- Venue: Tokyo Tatsumi International Swimming Center
- Dates: 9 August (heats & finals)
- Competitors: 10 from 5 nations
- Winning time: 4:33.77

Medalists
| gold medal | Yui Ohashi | Japan |
| silver medal | Melanie Margalis | United States |
| bronze medal | Sakiko Shimizu | Japan |

= 2018 Pan Pacific Swimming Championships – Women's 400 metre individual medley =

The women's 400 metre individual medley competition at the 2018 Pan Pacific Swimming Championships took place on August 9 at the Tokyo Tatsumi International Swimming Center. The defending champion was Elizabeth Beisel of the United States.

==Records==
Prior to this competition, the existing world and Pan Pacific records were as follows:

| World record | Katinka Hosszú (HUN) | 4:26.36 | Rio de Janeiro, Brazil | 6 August 2016 |
| Pan Pacific Championships record | Elizabeth Beisel (USA) | 4:31.99 | Gold Coast, Australia | 22 August 2014 |

==Results==
All times are in minutes and seconds.

| KEY: | QA | Qualified A Final | QB | Qualified B Final | CR | Championships record | NR | National record | PB | Personal best | SB | Seasonal best |

===Heats===
The first round was held on 9 August from 10:00.
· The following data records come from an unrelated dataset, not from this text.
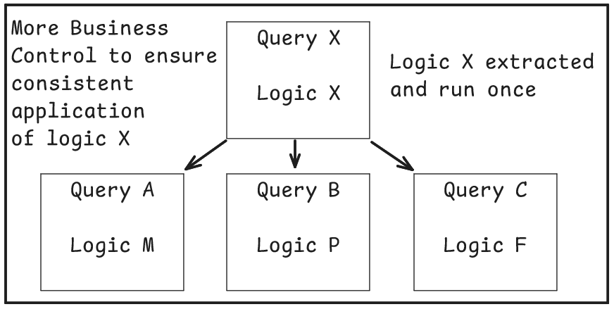 Businesses often have a range of queries across the business to generate tables for different reports. This approach can lead to repeated logic across queries, as each one is tailored for specific reporting needs, but might contain some shared logic creating redundency. -
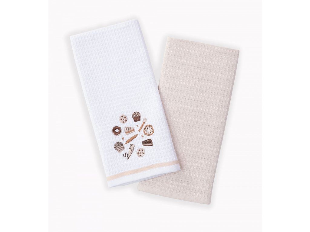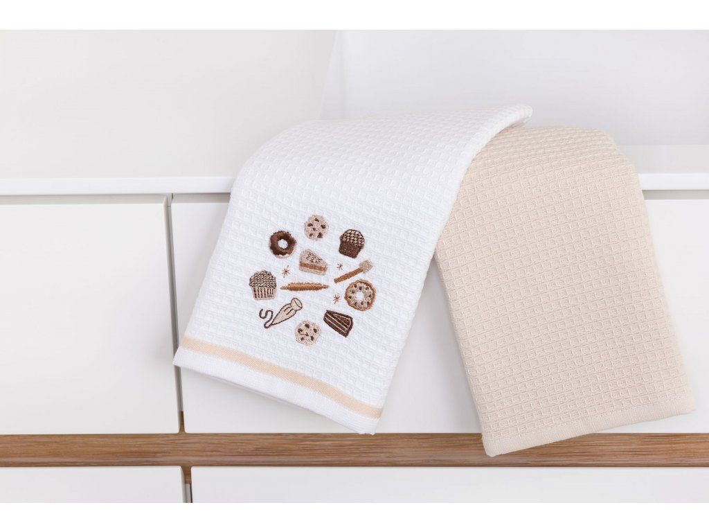 Geschirrtücher sind ein unverzichtbares Zubehör, ohne das kein moderner Haushalt auskommt. Die traditionelle Waffelstruktur in Verbindung mit den feinsten 100% Baumwollgarnen garantiert eine hervorragende Saugfähigkeit. Die Tücher sind mit einer praktischen Schlaufe zum Aufhängen versehen. Die attraktiven und präzise gearbeiteten glänzenden Stickereien ergänzen sich perfekt mit den bezaubernden Farbtönen in der gesamten Kollektion von Waffeltüchern. Das elegant verpackte Set enthält zwei farblich abgestimmte Tücher im Maß 40/60 cm. 1x weißes Tuch mit Stickerei und beiger Bordüre 1x einfarbiges beiges Tuch Grammatur: 350 g/m2 Pflege: Waschbar in der Waschmaschine bei 60 °C, trocknergeeignet.Zusätzliche Parameter
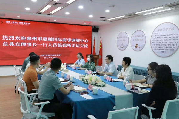 2025年8月6日上午,惠州市惠融国际商事调解中心(以下简称“我中心”)理事长危兆宾、理事兼执行秘书长杨璐,以及中共惠州华贸楼宇党委副书记卢文君一行,前往广东国晖律师事务所(以下简称“国晖所”)走访交流。国晖所党支部书记、高级合伙人王永平,执行主任黄丽珠,合伙人王治平,律师何远龙及实习律师薛官带对来访一行表示热烈欢迎,双方围绕多领域合作开展深入座谈。座谈中,何远龙律师首先通过宣传视频介绍了国晖所的
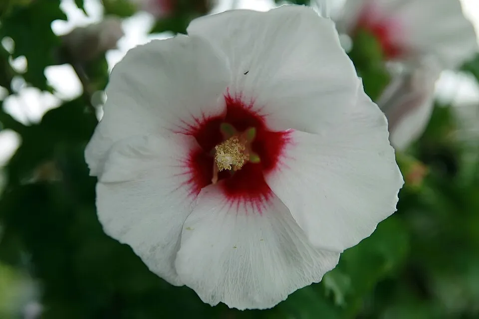 Rózsaszín virágú mályvacserje, bordó torokkal / Hibiscus syriacus 'Minerva'
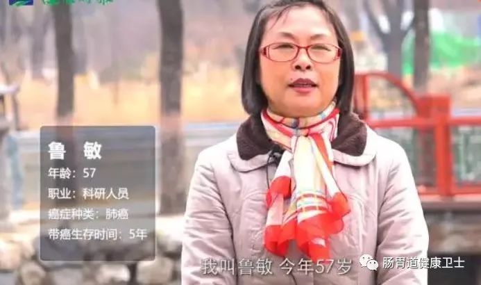 ① 姓名:鲁敏,年龄:57; 职业:科研人员;癌症种类:肺癌 , 带癌生存时间:5年。
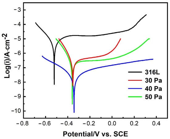 Figure 9 shows the potentiodynamic polarization curves of the 316L substrate and the Nb-Zr alloying layers prepared under pressures of 30 Pa, 40 Pa, and 50 Pa. The test samples exhibited very similar polarization behaviors as the potential increased. They were passivated and showed the passive regions before the protective films were broken. These data are similar to the experimental results for Nb-Zr alloying layers obtained by Zhou et al. The average values Eccor and Icorr from the polarization curves calculated by CorrView software (CorrView 3.10, Solartron Analytical, Oak Ridge, TN, USA) are presented in Table 4. For the substrate and Nb-Zr alloying layers prepared at different gas pressures, the Iccor values of all test samples were 5.05 × 10−6 (A·cm2), 1.35 × 10−7 (A·cm2), 1.26 × 10−8 (A·cm2), and 1.16 × 10−8 (A·cm2). It can be seen that the corrosion resistance of the Nb-Zr alloying layer was improved regardless of the pressure. This indicates that the Nb-Zr alloying layer on the surface of the 316L substrate inhibited the intrusion of the Cl− ions of the corrosive solution and increased the corrosion resistance. For the Nb-Zr alloying layers prepared at different working pressures, the corrosion potential Ecorr and corrosion rate first increased and then decreased with the working pressure, while the natural corrosion current Icorr first decreased and then increased. The corrosion current and rate of the alloying layer at 40 Pa were the lowest, and the corrosion resistance was better. The polarization potentials of the substrate and the Nb-Zr alloying layers are shown in Table 4. Compared with the substrate, the polarization potential of the Nb-Zr alloying layers increased to −0.35 V, −0.34 V, and −0.36 V at 30, 40, and 50 Pa of pressure, respectively. It can be seen from the material corrosion evaluation method that the higher the self-corrosion potential of the material, the smaller the self-corrosion current, and the better the corrosion resistance. The passivation zone is observed on the polarization curve, which indicates that a stable passivation film is formed on the surface of the Nb-Zr alloying layers [25,26]. Therefore, the prepared Nb-Zr alloying layer is expected to improve the corrosion resistance of these biomedical alloys in body fluids.
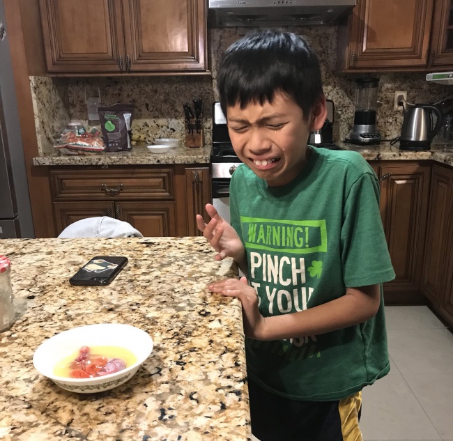 ״אחי הקטן התכוון לטגן ביצה אבל פתח בטעות ביצת בלוט (מאכל אסייתי של ביצה מותססת עם עובר של ברווז). כעת הוא בוכה כי הוא חושב שהוא הרג את הציפור״
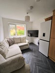 The kitchen living area is equipped with 2 fridge freezers, washing machine, microwave, kettle and toaster. The living area has a 50 inch TV and sofa for communal living space. The current tenants are a clean and tidy bunch that get along well.
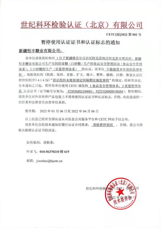 暫停使用認(rèn)證證書和認(rèn)證標(biāo)志的通知
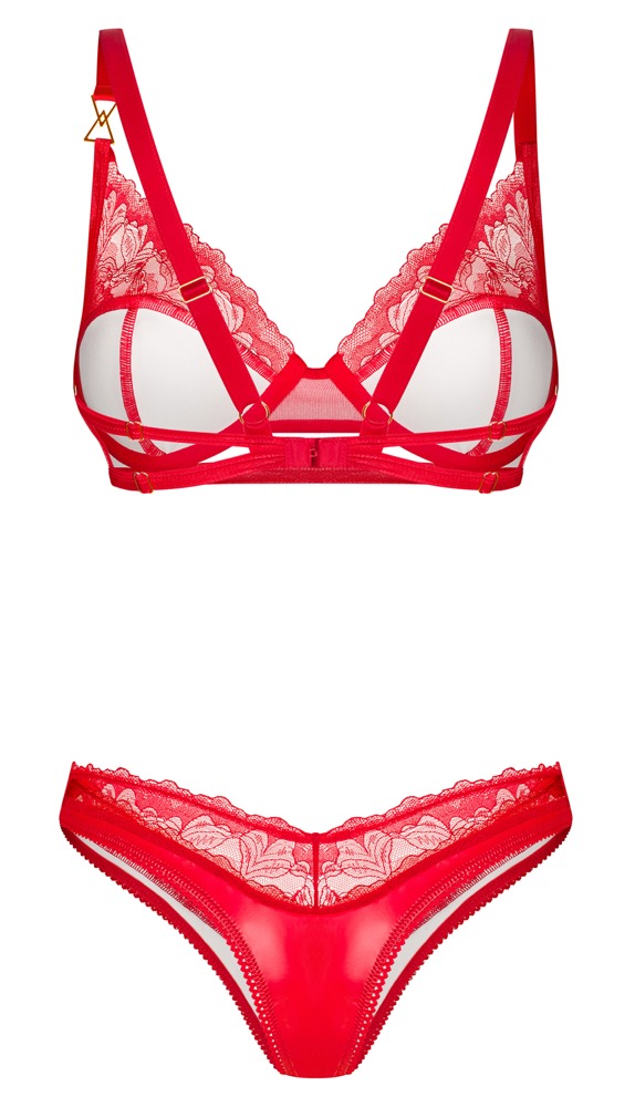 Sinnliches Rot mit Glanz und Spitze! Set Aliosa von Obsessive mit Bügel-BH und Riostring. Verführerischer Style in sinnlichem Rot mit edlem glatten Glanz und feiner transparenter Floral-Spitze. Rundum weich und elastisch für hohen Tragekomfort. BH mit dezentem goldfarbenen Schmuckdetail zwischen den Bügel-Cups und an einem Träger. Die Träger und der Hakenverschluss im Rücken sind passend verstellbar. 90% Polyamid, 10% Elasthan, mit Polyurethan-Beschichtung. Achtung – Obsessive hat eine separate Größentabelle.

Only two swimmers from each country may advance to the A or B final. If a country does not qualify any swimmer to the A final, that same country may qualify up to three swimmers to the B final.
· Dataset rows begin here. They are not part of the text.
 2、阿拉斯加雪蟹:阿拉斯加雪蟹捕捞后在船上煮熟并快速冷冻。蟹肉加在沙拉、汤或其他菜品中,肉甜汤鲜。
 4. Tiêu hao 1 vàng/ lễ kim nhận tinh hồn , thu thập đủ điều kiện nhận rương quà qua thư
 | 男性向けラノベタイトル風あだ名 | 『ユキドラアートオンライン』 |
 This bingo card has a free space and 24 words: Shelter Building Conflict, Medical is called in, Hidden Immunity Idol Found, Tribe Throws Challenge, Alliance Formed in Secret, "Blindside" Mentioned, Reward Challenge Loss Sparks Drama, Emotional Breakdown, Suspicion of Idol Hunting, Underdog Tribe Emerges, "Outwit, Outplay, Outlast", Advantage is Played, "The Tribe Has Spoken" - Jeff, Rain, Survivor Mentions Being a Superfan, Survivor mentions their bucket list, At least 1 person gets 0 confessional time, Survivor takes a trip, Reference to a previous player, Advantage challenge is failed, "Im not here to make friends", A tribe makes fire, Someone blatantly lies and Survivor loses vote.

| Rank | Name | Nationality | Time | Notes |
|---|---|---|---|---|
| 1 | Yui Ohashi | Japan | 4:36.05 | QA |
| 2 | Melanie Margalis | United States | 4:39.09 | QA |
| 3 | Sakiko Shimizu | Japan | 4:39.76 | QA |
| 4 | Emily Overholt | Canada | 4:40.63 | QA |
| 5 | Brooke Forde | United States | 4:40.76 | QA |
| 6 | Allyson McHugh | United States | 4:41.08 | QB |
| 7 | Erika Seltenreich-Hodgson | Canada | 4:44.64 | QA |
| 8 | Ye Huiyan | China | 4:57.65 | QA |
| 9 | Chloe Isleta | Philippines | 4:59.21 | QA |
| 10 | Gianna Garcia | Philippines | 5:28.80 | QB |

=== B Final ===
The B final was held on 9 August from 17:30.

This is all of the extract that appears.